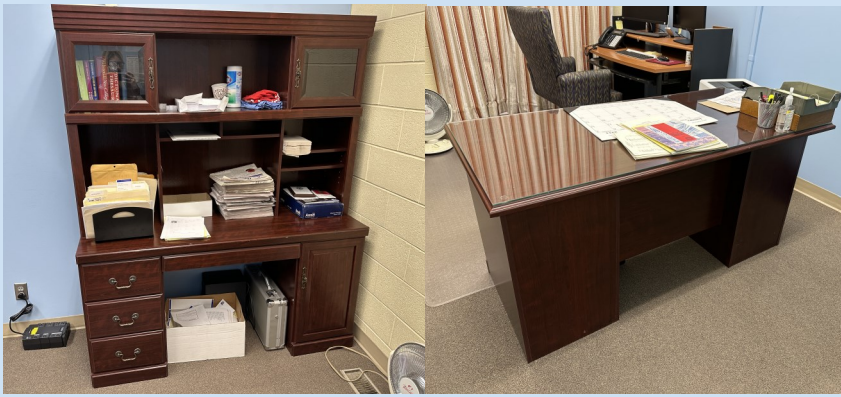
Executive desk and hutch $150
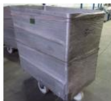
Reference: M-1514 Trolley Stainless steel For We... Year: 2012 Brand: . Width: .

* * *

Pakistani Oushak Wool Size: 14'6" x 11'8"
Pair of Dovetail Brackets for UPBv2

### [TASK DETAILS]
In the data above, find the line with "Pakistani Oushak Wool" and the line with "Pair of Dovetail Brackets for UPBv2". Retype both, plus every line between them, exactly.

### [OUTPUT OF THE EXERCISE]
Pakistani Oushak Wool Size: 14'6" x 11'8"
Pair of Dovetail Brackets for UPBv2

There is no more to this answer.